Second, I value most non human animals more than humans so if a human chooses to degrade themselves, once again, they do it by choice. Sex is the oldest industry in the world, sex sells. If it didn’t, people wouldn’t do it. If people didn’t want dildos, there wouldn’t be stores selling them. It’s kind of a supply/demand market, don’t you think? I don’t think it really has anything to do with feminism. Since you are obviously against the Love Shack, my advice to you would be to not shop there. By not giving them your business you are making your point. But why try to stop others from enjoying their sex life with toys, movies etc.., even if it differs from yours? Your fight against sexual predators is commendable, however, you’d have better luck finding a sexual predator at a local library or park.

By Casey

March 4, 2008 1:56 PM | Link to this

How many little Mom & Pop stores go out of business because there is not enough people spending money. Do the same thing, just don’t go. People will get tired of driving from other towns eventually.

By In addition.....

March 4, 2008 2:00 PM | Link to this

Pssst. You can buy all your naughty little do-dads online and have them sent directly to your home or post office box—no questions asked. You think sexual predators don’t know this?

By Mark

March 4, 2008 2:01 PM | Link to this

The people who oppose adult toy stores are the same ones who are too old to have sex. It’s simply jealousy.
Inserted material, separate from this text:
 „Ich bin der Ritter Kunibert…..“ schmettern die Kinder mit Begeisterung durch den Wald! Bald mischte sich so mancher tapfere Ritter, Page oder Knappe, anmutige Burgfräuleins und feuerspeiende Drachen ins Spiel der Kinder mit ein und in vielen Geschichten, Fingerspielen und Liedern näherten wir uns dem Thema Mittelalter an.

They’re to ignorant to realize that if it wasn’t for their parents rolling in the hay, they would just be a stain in a pair of panties.

By Steve

March 4, 2008 2:05 PM | Link to this

People are so worried about sexual predators and their children. Worry more about the guy talking on his cell phone and not paying attention to his driving - your children are at 100 times more risk of harm from bad drivers then from sexual predators.

By No ones business

March 4, 2008 2:07 PM | Link to this

Sorry, I intended to type “highest ranked leaders” (plural) not leader A.K.A the POPE. I would go to hell for that one.

By No ones business

March 4, 2008 2:07 PM | Link to this

Sorry, I intended to type “highest ranked leaders” (plural) not leader A.K.A the POPE. I would go to hell for that one.

By Patrick

March 4, 2008 2:08 PM | Link to this

Why are people so afraid of their own bodies? There is nothing wrong with enjoying your body. If you believe there is that is your right, but once again keep your laws off my body! Last time I checked me renting a porno or buying sex toy had ZERO affect on anyone else.

By Aceyman

March 4, 2008 2:09 PM | Link to this

It’s stupidity like these protests that make me ashamed to say those infamous three words: “I’m from Atlanta.”
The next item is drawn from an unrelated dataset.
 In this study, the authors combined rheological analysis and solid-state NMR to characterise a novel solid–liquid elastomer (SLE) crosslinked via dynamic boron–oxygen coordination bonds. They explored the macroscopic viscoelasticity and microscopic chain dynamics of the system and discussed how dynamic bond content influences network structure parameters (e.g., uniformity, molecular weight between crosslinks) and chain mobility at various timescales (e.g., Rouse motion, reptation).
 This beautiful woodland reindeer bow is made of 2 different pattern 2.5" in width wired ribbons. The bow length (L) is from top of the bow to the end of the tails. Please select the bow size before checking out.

The rest of the country thinks we’re all uneducated bumpkins thanks to people like this, so I must tip my cap and say “Thanks!” to all these ignorant fundies. I’m glad they are out there to ensure the south never becomes the cultural or intellectual equal of the rest of the country.

Pat yourself on the back people for a job well done.

By Patrick

March 4, 2008 2:09 PM | Link to this

Why are people so afraid of their own bodies? There is nothing wrong with enjoying your body. If you believe there is that is your right, but once again keep your laws off my body! Last time I checked me renting a porno or buying sex toy had ZERO affect on anyone else. As much as these bible thumpers want to try and make the case, everyone who frequents these places is not a pedophile or sexual deviant.

By Steve

March 4, 2008 2:13 PM | Link to this

I don’t get it. Sandy Springs has a PLETHORA of issues to deal with, and the last worry should be a strip join and 3 stores that sell porno movies.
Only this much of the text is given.